I can’t access dyd 🙁
This is so fun. I wish I had the opportunity to decorate my dorm, but I’m living at home so I don’t get the chance. I did redecorate this summer though!
I’m not sure I understand the Feng Shui diagram. Does Feng Shui require the closet be impossible to open? Perhaps that’s just the drawing?
One of the first feng shui rules is that the back of your chair (your back really) should never be turned to the door
My dorm roomie was a genius when it came to arranging our room. Our room was slightly smaller than most, plus we had a futon and roomie was super against bunk beds. My brilliant roomie arranged it so well that people often asked us if our room was bigger than the others in our building. A good arrangement will do that for you!
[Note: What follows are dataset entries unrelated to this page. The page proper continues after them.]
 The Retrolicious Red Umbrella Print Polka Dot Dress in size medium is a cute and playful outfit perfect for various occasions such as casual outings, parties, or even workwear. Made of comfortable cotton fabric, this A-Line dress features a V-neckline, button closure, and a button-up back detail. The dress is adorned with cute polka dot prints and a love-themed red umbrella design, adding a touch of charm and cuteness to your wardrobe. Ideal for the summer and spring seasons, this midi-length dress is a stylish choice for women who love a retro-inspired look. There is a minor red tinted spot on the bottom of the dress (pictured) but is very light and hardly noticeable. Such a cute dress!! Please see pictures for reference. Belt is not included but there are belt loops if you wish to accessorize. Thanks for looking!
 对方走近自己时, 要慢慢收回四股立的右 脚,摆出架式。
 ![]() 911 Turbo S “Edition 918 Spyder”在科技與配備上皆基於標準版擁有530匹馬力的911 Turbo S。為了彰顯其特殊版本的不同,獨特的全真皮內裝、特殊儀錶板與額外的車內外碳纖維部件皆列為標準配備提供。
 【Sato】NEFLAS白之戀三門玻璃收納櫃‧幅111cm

My roommate and I were really lazy. We just left ours as it came since we’d have to move it all back at the end of the year anyway. (Our beds were lofted and our desks were underneath, and the dresser was behind her bed. ) It’s not like we were there all the time, anyway!
Hahaha these would have been great for my dorms but I’m pretty sure all of the furniture fit just about one way and one way only, with the exception of lofted beds or not.
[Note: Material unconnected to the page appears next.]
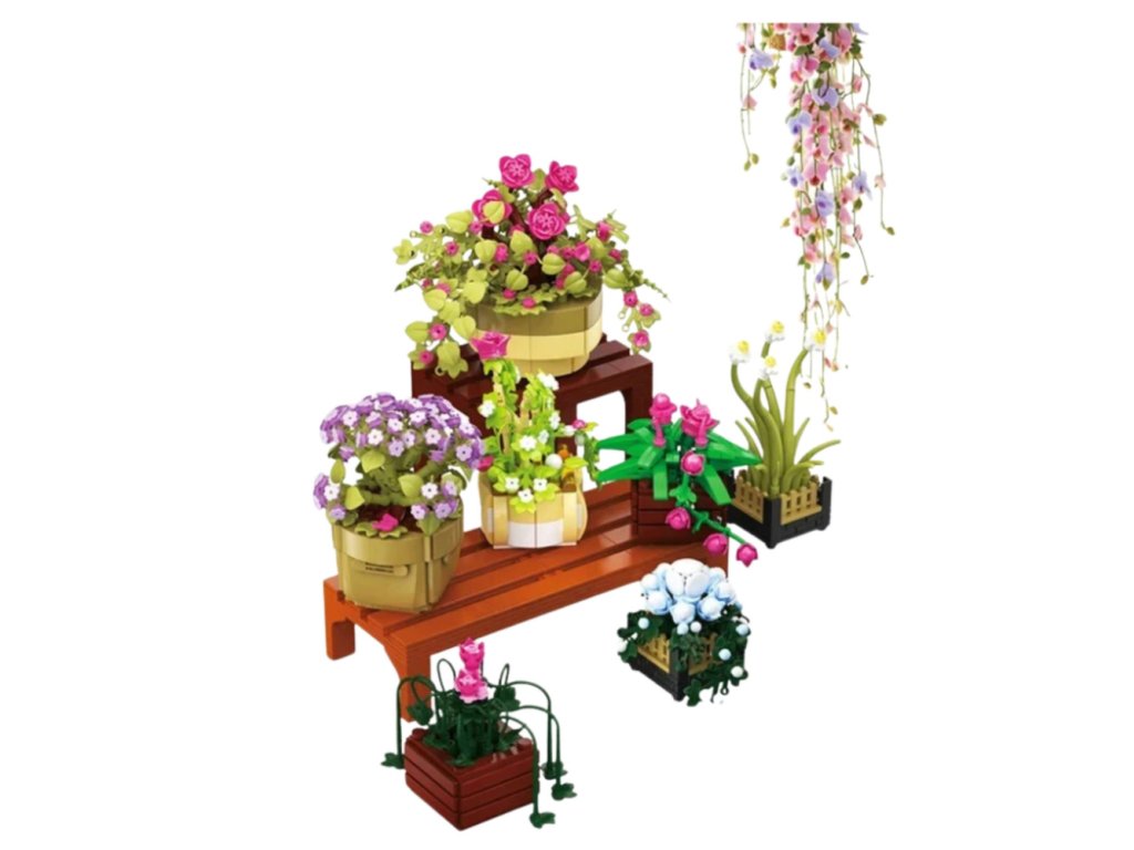 Sada obsahuje 1446 pečlivě vyrobených dílků, ze kterých si můžete vytvořit bohaté aranžmá – různé květiny v úhledných květináčích (včetně růží, cymbidií, mini orchidejí, fuchsií a cibulovin) jsou umístěny na třípatrové policové konstrukci, což celkovému vzhledu dodává eleganci a řád. Po sestavení má hotové aranžmá rozměry 44 x 42 x 24,5 cm a lze jej vystavit na polici, stole, komodě nebo vitríně.

I really liked the layout of these. My roomie and I set up the room where her bed is against the wall under the window. Mine is against the adjacent wall, perpendicular to hers. At the foot of my bed, pushed against my tall footboard and a couple feet from her bed is her desk. My desk sits next to my bed, facing her bed, but not as far forward as hers. This way we both have our own privatish space and when working at our desks we’re staggered and not staring at eachother. I also have a view right out the window from my desk but my bed is closer to the door so there’s a trade off. Unfortunately she has 8 outlets on her side of the room and I have 4, 2 of which are a foot off the ground and hard to get to. Only problems: she walks through my side whenever she leaves and comes in and I have to walk through her side to open the window or change the AC/heat.
i cat wait for collage
Dorkella – Great idea! I think I might, check back over the next few weeks 🙂
I was just wondering if you could do a singles dorm version.
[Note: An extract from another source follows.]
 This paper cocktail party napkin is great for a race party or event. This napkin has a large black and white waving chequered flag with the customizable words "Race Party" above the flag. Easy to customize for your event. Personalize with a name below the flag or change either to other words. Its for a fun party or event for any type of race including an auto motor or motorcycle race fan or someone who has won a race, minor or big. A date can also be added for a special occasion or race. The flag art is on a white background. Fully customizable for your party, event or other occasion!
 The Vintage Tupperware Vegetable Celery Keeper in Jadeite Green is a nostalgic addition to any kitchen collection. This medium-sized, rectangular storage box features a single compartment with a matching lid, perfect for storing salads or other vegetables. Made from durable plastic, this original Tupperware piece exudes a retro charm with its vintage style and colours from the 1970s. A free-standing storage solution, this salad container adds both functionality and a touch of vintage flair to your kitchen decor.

When I was living in a dorm, my roommate and I would re-arrange our furniture practically every month! It was fun to change it up, plus it helped us find a layout that we both really liked. 🙂
This would be so awesome, but the desks and closets in my dorm rooms aren’t move-able. The only things to push around are the beds. =/
Navi – You’re right! I was trying to orient the desk and chair so that they were diagonal (which serves the other purpose of not having all the furniture against the wall), but the program didn’t have that capability.
Jocelyn – Ah, that wasn’t my original intention! I guess I should have made the room dimensions larger 🙂
Wow, I wish I had known about this when I moved into the dorms. I had to switch up everything one weekend when my roommate was gone because we had no idea what to do with her un-lofted un-bunked bed but we needed space. This visualization probably would have helped us when moving in!